John Cunliffe, the head of macroeconomic policy at the Treasury, told MPs yesterday it was not possible to "outsource" parts of the tax and spending policy. "It is very important that all of the stages in the process that interdependent stay with one authority and that that one authority remains accountable," he told the Commons Treasury Select Committee.

His comments followed the decision by Gordon Brown in Monday's pre-Budget report to add another three years to the end of the economic cycle.

Critics say that makes it easier for him to meet his golden ruleto borrow only to invest when averaged over the economic cycle, because it gives him the freedom to adjust the timing to balance the books.
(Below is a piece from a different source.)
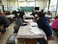 子どもたちの地域での情報を得ることで、よりよい指導を目指すことを目的に、民生児童委員会が開催されました。全体会は、多目的室で行われました。子どもたちの地域でのあいさつや、登下校の様子について情報提供をいただきました。本校は「あいさつのこだまする学校」を目指していますが、そのためには、保護者同士のあいさつや、地域でのあいさつが重要であることを確認しました。分科会は音楽室で行われました。地区別に、担当教職員との話し合いが行われました。

On Tuesday the Institute for Fiscal Studies, an independent think-tank, said the Chancellor had moved the goalposts so far "that they are barely still on the pitch".
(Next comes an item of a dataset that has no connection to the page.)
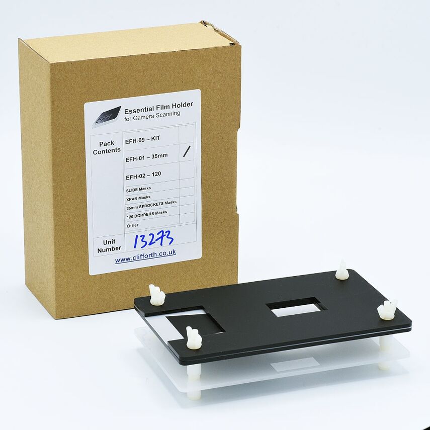 L'Essential Film Holder (EFH) est une solution simple, efficace et abordable pour maintenir les bandes de film au-dessus d'une boîte à lumière de manière parfaitement plate et alignée avec votre appareil photo numérique. Il est considéré par beaucoup comme la meilleure solution en termes de prix et de qualité pour numériser des films avec un appareil photo numérique (également appelé camera scanning). Il maintient les négatifs de 35mm et 120 à plat, ce qui permet d'obtenir des fichiers numériques (raw) de haute qualité, sans distorsion. Pour convertir les négatifs numérisés, nous vous conseillons d'utiliser le logiciel Negative Lab Pro.

The IFS called for an independent body to date the cycle to prevent any allegations of political meddling. Yesterday Michael Fallon, the Conservative MP, said an independent auditor was needed to "stop these fiddles".
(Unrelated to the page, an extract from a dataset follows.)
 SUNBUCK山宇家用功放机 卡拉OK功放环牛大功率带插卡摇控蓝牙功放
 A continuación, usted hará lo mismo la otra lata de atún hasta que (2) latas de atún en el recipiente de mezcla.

Mr Cunliffe said the Treasury's assumptions on forecasts such as oil prices and unemployment, for example, were already checked by the National Audit Office. He added the NAO would be able to audit the timing of the current cycle, due to end in 2009, after the Treasury had declared it had ended.

Mr Fallon said the Treasury's forecasting records was "consistently shocking". He said it had underestimated current receipts and size of the current deficit in each of the past five years.

Mr Cunliffe defended the Treasury's record, saying it was better than other EU member states, the International Monetary Fund and the Organisation for Economic Co-operation and Development.

MPs also raised the issue of the rising ratio of taxes to GDP, which Mervyn King, the Bank of England governor, cited as a key reason for the sharp slowdown in consumer spending.

Mr Cunliffe said the ratio had gone in line only with previous Budget forecast and was not an indicator that taxes were rising. "It is not as if taxes have been increased," he said.

"The rise is due to some extent that a higher proportion of higher rate tax payers are getting a higher proportion of the pay increases. That is one reason that income tax has held up."

There was positive news for the Treasury's forecasts for a mild recovery in consumer spending from a Nationwide building society index, which posted a nine-point rise during last month, the largest change since the index began 18 months ago.

Stuart Bernau, its executive director, said: "In addition to feeling more positive about the present, there has been an upsurge in confidence about the future indicating that consumers feel that better times lie ahead for jobs, the economy and their incomes."